Why should a business owner care about the statement of cash flows?
Between March 15 and April 15 each year, I see the following subject line (or one similar) in my email inbox at least once:
HELP! Something is wrong with my P&L!!!
I know what the email will say before I even open it. The business owner who wrote the email has just met with their tax preparer. They have a tax liability. A BIG tax liability. But something must be wrong, because their P&L shows a profit much greater than their bank account balance at the end of the previous year.
Sometimes the business owner blames QuickBooks. Sometimes they blame their bookkeeper, and sometimes I am the bookkeeper they blame. Regardless of who or what the business owner blames, they are convinced something is wrong with their books.
I email the business owner back with a link to my schedule so we can arrange a time to review their statement of cash flows.
Wait. Their statement of what?!
The three key financial statements: A brief review.
Every business owner knows what a P&L or income statement is. Many also realize they should be reviewing their balance sheet, too. I have yet to meet a small business owner without an accounting background who has heard of the statement of cash flows, much less ever reviewed it.
This is unfortunate, because this one little financial statement will answer every question about where a business’ money went.
Most business owners assume all their financial activity appears on the P&L. At first glance, this certainly appears to be the case. However, there are certain – often very large – outlays of cash that do not appear on the P&L. These outlays of cash include asset purchases, loan and credit card payments, and owner draws. Similarly, certain cash inputs – like a capital infusion by the business owner or investors – do not appear on the P&L, either.
The business owners who understand the balance sheet know the numbers relating to this sort of activity appear on that financial statement. They may even pull their prior year balance sheet and build a spreadsheet to try to figure out how much cash got “buried” on it. This can lead to frustration, especially if they have financed some of their assets or capital improvements.

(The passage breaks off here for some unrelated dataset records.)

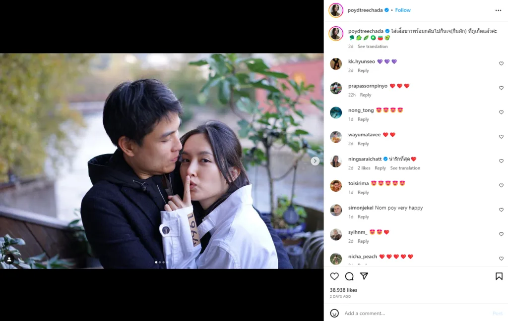 It’s been half a year since Thai model-actress Treechada Poyd Bejarat (Poyd Treechada, ตรีชฎา เพชรรัตน์) tied the knot with long time beau Phakwa Hongyok (บรรลุ หงษ์หยก) aka Oak. And their happy marriage has apparently only gotten happier over time!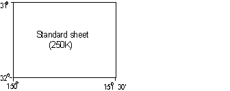 Standard sheet area: the standard sheet areas are 1o in latitude by 1o 30' in longitude for 1:250 000 and 30' in latitude by 30' in longitude for 1:100 000.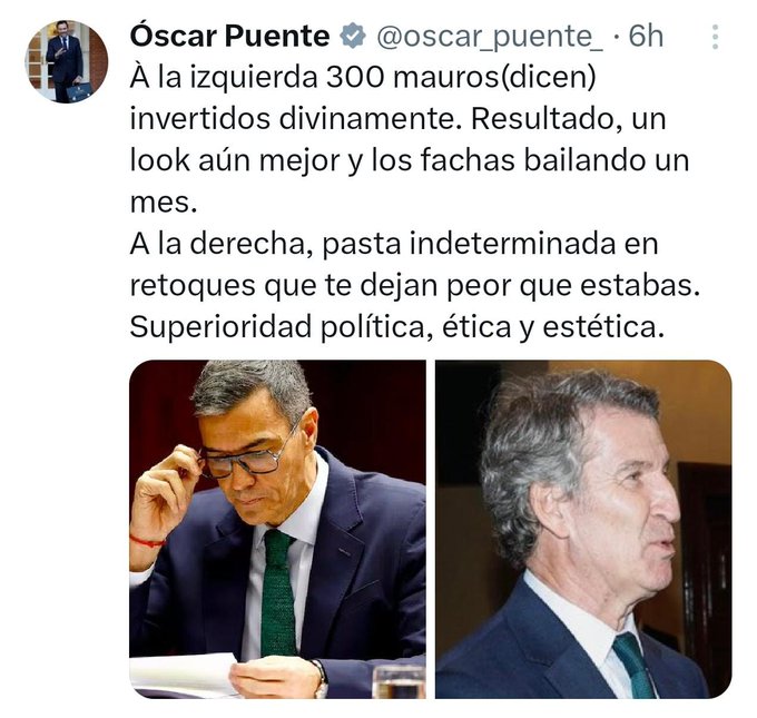 El detonante de esta deplorable cadena de eventos fue un tuit del ministro de Transportes, Óscar Puente publicado este jueves (aniversario del día en que conocimos todos la enorme dimensión de la tragedia de Valencia). En el tuit, Puente se mofó de la oposición con un comentario cargado de sarcasmo, afirmando: «a la izquierda 300 mauros (dicen) invertidos divinamente. Resultado, un look aún mejor y los fachas bailando un mes. A la derecha, pasta indeterminada en retoques que te dejan peor que estabas. Superioridad política, ética y estética.» Acompañó el texto con imágenes de Sánchez con las puñeteras gafas y de Feijóo con la cara retocada. Este ataque persona abrió la puerta a una escalada de vulgaridad, ignorando por completo el contexto de dolor nacional.

Enter the statement of cash flows.
What is the statement of cash flows?
In short, the statement of cash flows reconciles your financial activity to your bank account balance. This reconciliation is done on an accrual basis, so if your accounting system is set to produce cash basis statements you will need to change this setting.
The very first line on the statement of cash flows is Net Income. Check Net Income on your P&L – again, on accrual basis – for the same period as the statement of cash flows you are reviewing. The two numbers will match.
The remainder of the first section of the statement of cash flows shows balance sheet activity. Depending on your business, you will see changes recorded for Accounts Receivable, Accounts Payable, Payroll Liabilities, Credit Card activity, etc. Following this activity, you will see changes recorded for investing activity (this would be money put into the business) and draws and distributions (money removed from the business.)
The last section of the statement of cash flows is where you see the magic happen. The last few lines will show you your net cash change (increase or decrease) for the accounting period. This is the sum of all the changes shown in the preceding sections of the statement of cash flows. Next, you will see your beginning cash balance for the period. Verify this by adding up all your bank account balances as of the end of the preceding accounting period. You can find these numbers on your balance sheet…remember to set it to accrual basis!
The very last line of the statement of cash flows will show you your cash at the end of the accounting period. Add up all your bank account balances as of the end of the current accounting period, making sure to allow for uncleared checks and deposits, and the sum should match the last number on the statement of cash flows.
Oh, oh, it’s magic!
Actually, it’s math. But to a numbers geek, they’re pretty much the same thing.
Many business owners resist looking at their financial statements on an accrual basis. They think since their taxes are done on a cash basis, that’s all they need to review. This makes me sad. Accrual basis statements give a more accurate picture of a business’ financial standing. But even if you continue to only review your financials on a cash basis, the statement of cash flows can help you determine where your money went. You just don’t get the beautiful reconciliation you can clearly see when you review accrual basis statements.
Your bookkeeper or accountant should be including the statement of cash flows with your monthly financial statements, especially if they are providing you with accrual basis statements. If you find they aren’t, ask them for it. And if you are having trouble understanding the statement – it can be tricky to decipher – ask them to explain it to you. They will gladly do so. None of us like to get panicked emails or phone calls from our clients after they have visited with their tax preparer.